HomeLOOM | FATHER | REQUIEM: The Concept of the Exhibit

LOOM | FATHER | REQUIEM: The Concept of the Exhibit

 

LOOM | FATHER | REQUIEM

by Roni Ben Ari

 

You know, I sold the replacement parts for his looms to your father”.

This remark gave me the idea of weaving an old-new fabric from my stored memories.

The sounds of the looms, the scents of oils lubricating the machines, the dust…. They all became the memories of my childhood—the memories of my father’s textile factory. I still remember how he would bend over a loom that got stuck, fixing it stubbornly until it re-started.

It is OK now”,he would call out loud to overcome the noise of the roaring looms. Then he would wash his hands with a special alcohol and pat the machine as if caressing a beloved child.

Dad would walk with great confidence along the avenue of his looms, and I would walk behind him listening to the noisy unharmonious chanting of the machines.In my imagination, the machines became a choir learning to perform to the tune of the looms’ flying shuttles that acted as a metronome in the background. I distinctly remember how I used to stand there hypnotized, observing the pattern of the fabric as it rolled out.

I found the orphaned parts of a textile machine in an attic of a house in an old neighborhood in Tel Aviv. They belonged to the man who used to sell replacement parts to my father.

I photographed them, dusty as they were, against a white background. To me the white color symbolizes strength, discipline, limits, and order. Those were the characteristics that epitomized my father.

From these photographs, I wove a pattern using animation film as my medium. The film was shot in stop-motion technique— an old, manual shooting technique, in which each single frame is photographed individually, with the objects slightly moved between the shots—to create the illusion of animation in the different parts of the machine. Today this method has been replaced by a modern procedure, much like the old looms that have been supplanted by digital ones. My dad never succeeded in adapting to the new, computerized world.

My artwork was inspired by the various parts of the loom. At times the image resembles the part; other times the object has been transformed, looking round and oval, thin and thick, twisted and straight, painted and covered with rust, all at the same time.

In other words, I created a pattern that is made of the various parts that functioned together as a loom in days past. Each part in itself is meaningless, however, together they acquire a new existence that is expressed in sounds and in patterns of cloth. Endless meters of cloth

I added the mechanical roars of the looms to the video. The texture of their sounds is still embedded in my mind, like an inscribed text, like the texture that is woven into a textile.

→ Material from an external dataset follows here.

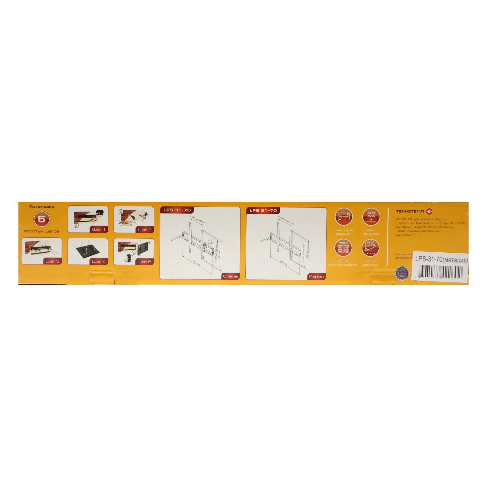 Лучшие цены. Кронштейн Trone LPS 31-70, для ТВ, наклонный, 32"-42", до 35 кг, 41 мм, серебристый -Вес: 1480 г. -Фасовка: 1 шт -Тип индивидуальной упаковки: Картонная коробка -Длина упаковки: 53 -Высота упаковки: 6 -Ширина упаковки: 10 -Объем упаковки: 3.180 -Объем продукта: 5.61 -Объем бокса: 39.27 -Материал: Металл -Температурное ограничение: Нет. Магазины в вашем городе.

The second part of my installation was woven manually, the way my father wove his fabrics. Into this artwork, I incorporated hundreds of clips of the photographed loom parts. By doing so, I created a large cloth that is rich in colors and in patterns.

If my father were still alive today, he would have congratulated me, I presume, because I gave birth to artwork that contains the very DNA of the looms he knew so intimately. If I could answer my dad, I would tell him that there is no birth here but rather a requiem, a requiem to the looms of yesteryear.